On appeal, the Supreme Court ruled that "the price in fact received at [a] foreclosure sale, so long as all the requirements of the State's foreclosure law have been complied with," constitutes "reasonably equivalent value" under § 548(a)(2), and rejected the argument that "reasonable equivalent value" means "fair market value" or "fair foreclosure price." Id. at 545. In reaching this conclusion, the Supreme Court noted that the term "fair market value" was used in §§ 346(j)(7)(B) and 522(a)(2), and that "[i]t is generally presumed that Congress acts intentionally and purposely when it includes particular language in one section of a statute but omits it in another." Id. at 537 (quoting Chicago v. Env't Def. Fund, 511 U.S. 328, 338 (1994)).

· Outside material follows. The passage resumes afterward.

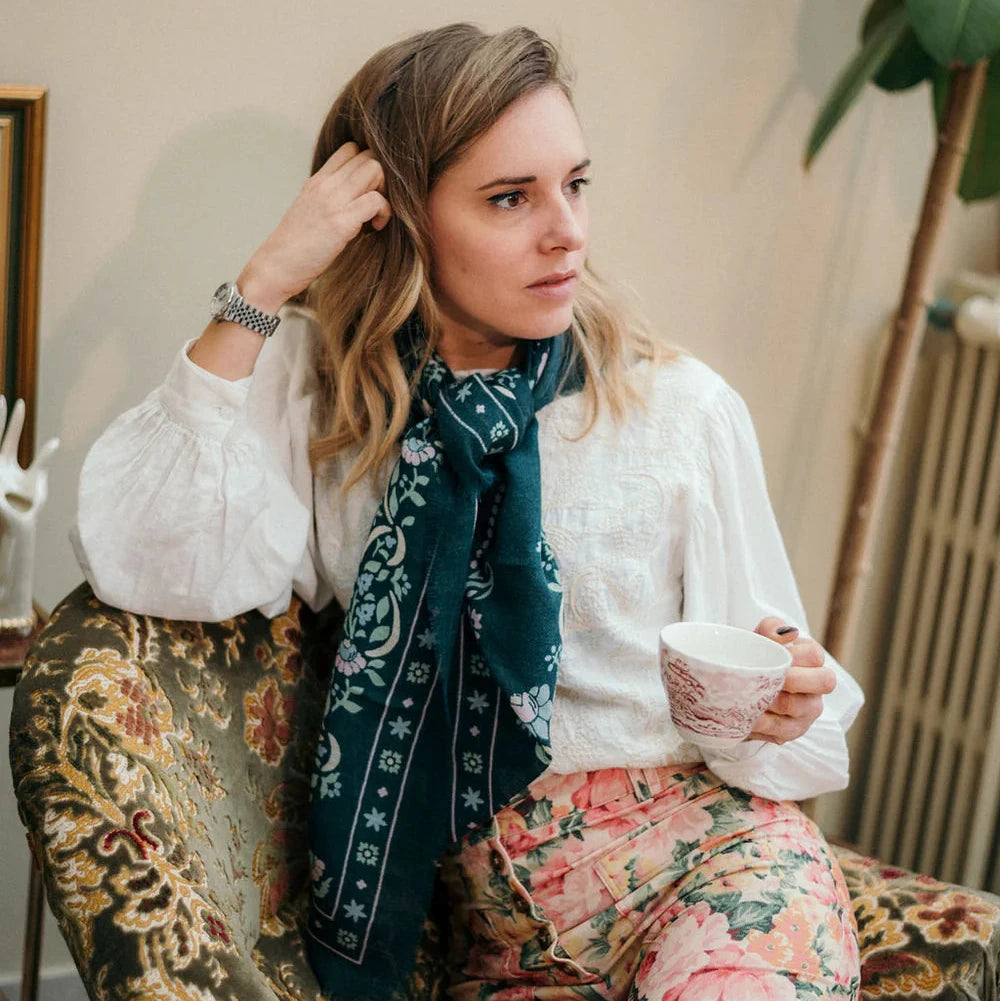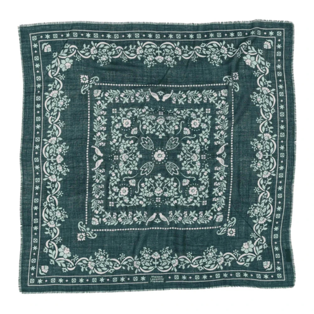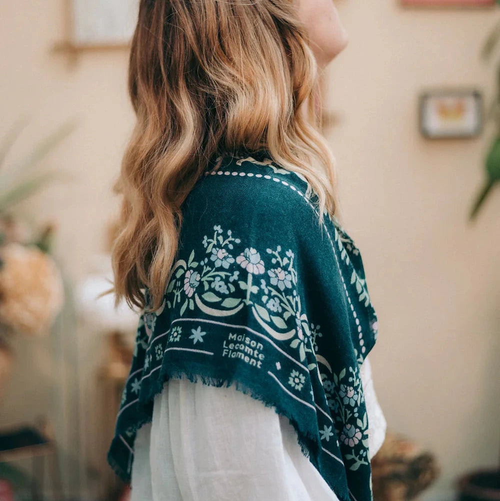 Le foulard Secret Garden Vert Forêt marie la chaleur de la laine à la légèreté de la soie dans un imprimé fleuri délicat. Son motif végétal, plein de fraîcheur et d’élégance, et apporte une touche lumineuse à vos tenues automnales. Sa texture douce et soyeuse enveloppe le cou d’un confort raffiné, pour une allure à la fois naturelle et sophistiquée.

Section 346(j)(7) was deleted by the Bankruptcy Abuse Prevention and Consumer Protection Act of 2005.

The Supreme Court also acknowledged the reality that "market value, as it is commonly understood, has no applicability in the forced-sale context; indeed, it is the very antithesis of forced-sale value." Id. at 537. Put simply, "property that must be sold within those strictures is simply worth less." Id. at 539. The Supreme Court ruled that, to interpret "reasonably equivalent value" as "fair market value" would have the "profound effect" of placing "[t]he title of every piece of realty purchased at foreclosure . . . under a federally created cloud." Id. at 544.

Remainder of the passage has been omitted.